Let $X$ be a topological space, and let $C_0(X)$ be the $\mathbb{C}$-vector space of continuous functions $g:X \rightarrow \mathbb{C}$ with the property that for any $\epsilon > 0$, there exists a compact set $F$ of $X$ containing $\{x \in X: |g(x)| \geq \epsilon\}$. Let $C_c(X)$ be the subspace of continuous functions $X \rightarrow \mathbb{C}$ which are of compact support.

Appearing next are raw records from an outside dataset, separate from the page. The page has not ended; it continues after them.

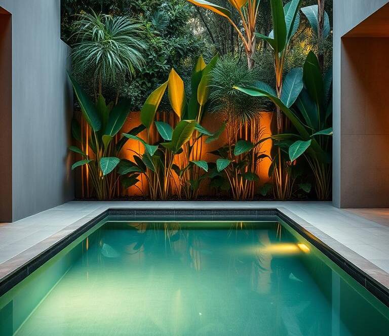 Plants around your pool bring colors and a natural feel. Choosing the right plants is key. They must do well in the pool area’s conditions, like water splashes and changing sunlight.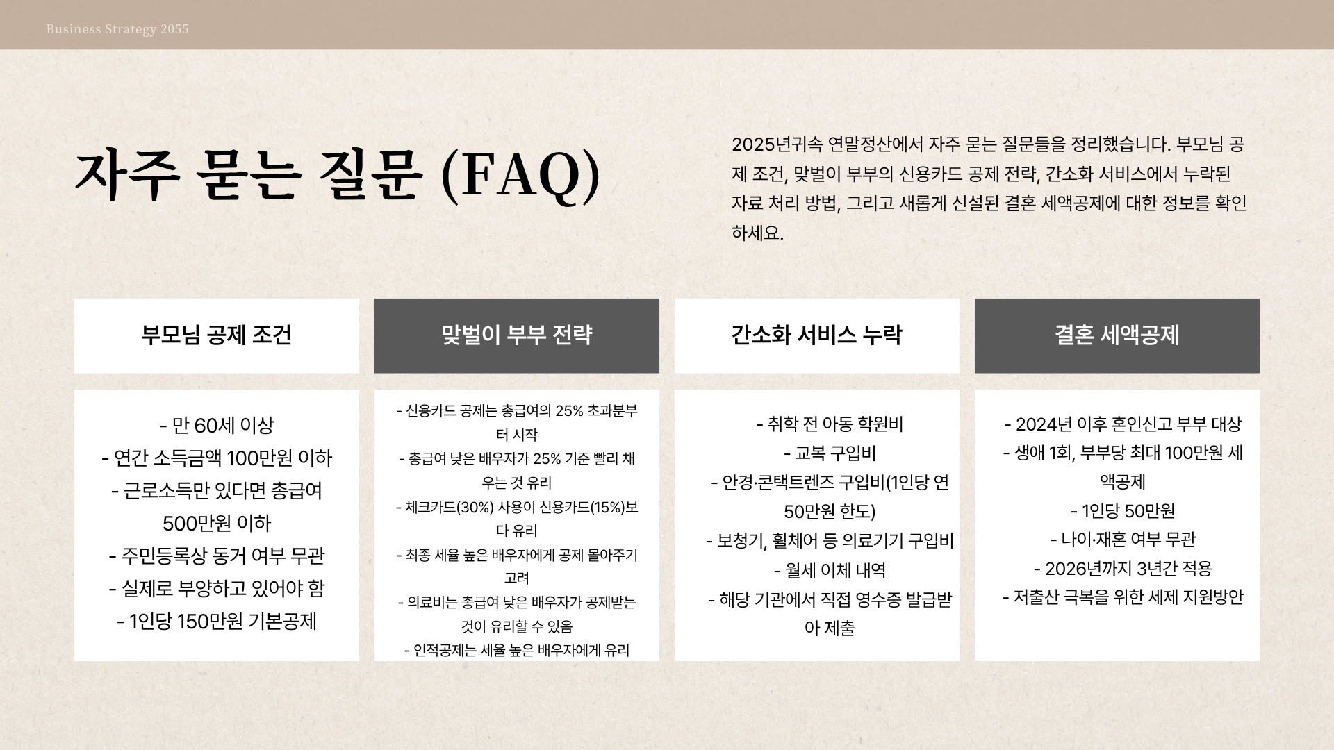 - Q1. 2025년귀속 연말정산 시, 부모님 공제 조건은 어떻게 되나요?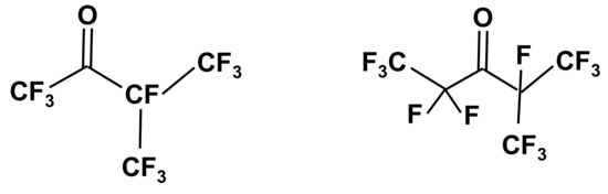 The fluoroketones (FKs) or perfluorinated ketones have a crude formula of the form CnF2nO, in which n is an integer ranging from 3 to 8 (Figure 5). Table 9 summarizes the important characteristics of two perfluorinated ketone candidates.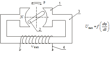 Это устройства, состоящие из катушки с электрообмоткой и магнитной системы, которые преобразуют входной параметр (скорость угловых или линейных перемещений) в ЭДС. Принцип действия основан на том, что в катушке при изменении магнитного потока образуется ЭДС. Величина этой ЭДС равна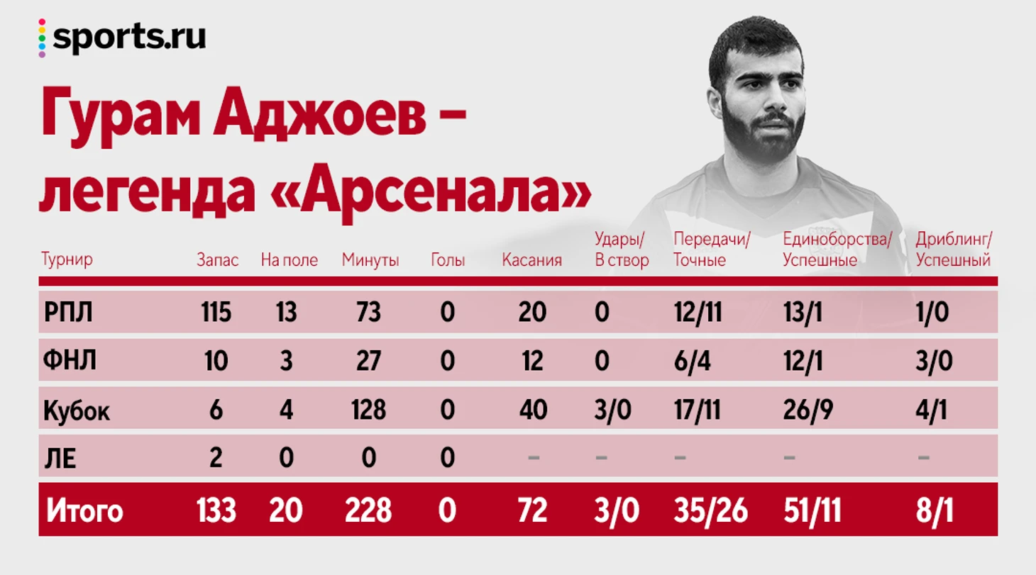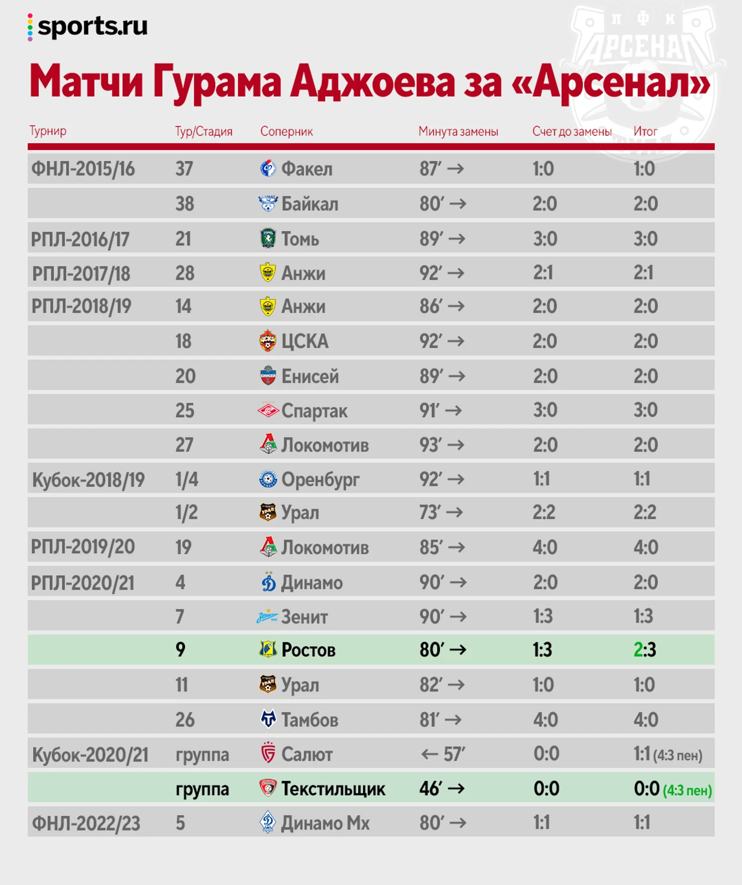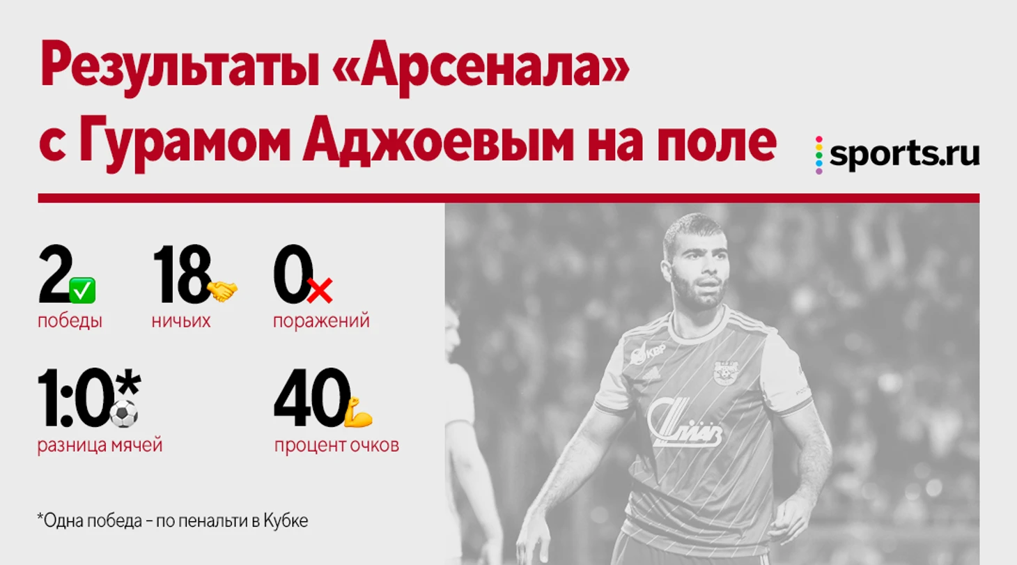 Еще одно величие Аджоева – в том, что с ним на поле «Арсенал» ни разу не проиграл. Да, форвард чаще всего выходил в конце, но в сумме он провел 228 минут – то есть 2,5 матча. Среди них были минуты против «Зенита», ЦСКА, «Спартака», «Локомотива», «Динамо», и в моменты с Гурамом «Арсенал» даже не пропустил от них. А «Ростову» – забил, хотя летел 1:3 и по идее должен был расклеиться еще сильнее.

In Abstract Harmonic Analysis, Vol $1$ by Ross and Hewitt, it is claimed that $C_c(X)$ is dense in $C_0(X)$, but I don't see why this is true. Unless $X$ is normal or has some other properties, I don't see how to go about constructing an element of $C_c(X)$ which is within $\epsilon$ of a given $g$.
Given $F, \epsilon, g$ as above, I'd like to construct an $f: X \rightarrow \mathbb{C}$ which is $0$ outside $F$ but agrees with $g$ on the interior of $F$, somehow.
Best Answer
Note that $h\colon \mathbb C\to\mathbb C$, $z\mapsto\begin{cases}0&\text{if }|z|\le \varepsilon\\\frac{|z|-\varepsilon}{|z|}\cdot z&\text{if }|z|\ge\varepsilon\end{cases} $ is continuous. Then $g=h\circ f$ seems to do what you want, i.e., the support of $g$ is the compact set $F$ and $|f-g|\le \varepsilon$. If desired, one can deform $h$ suitably so that $h(z)=z$ for $|z|>\delta>\epsilon$, thus making $f$ "more equal" to $g$.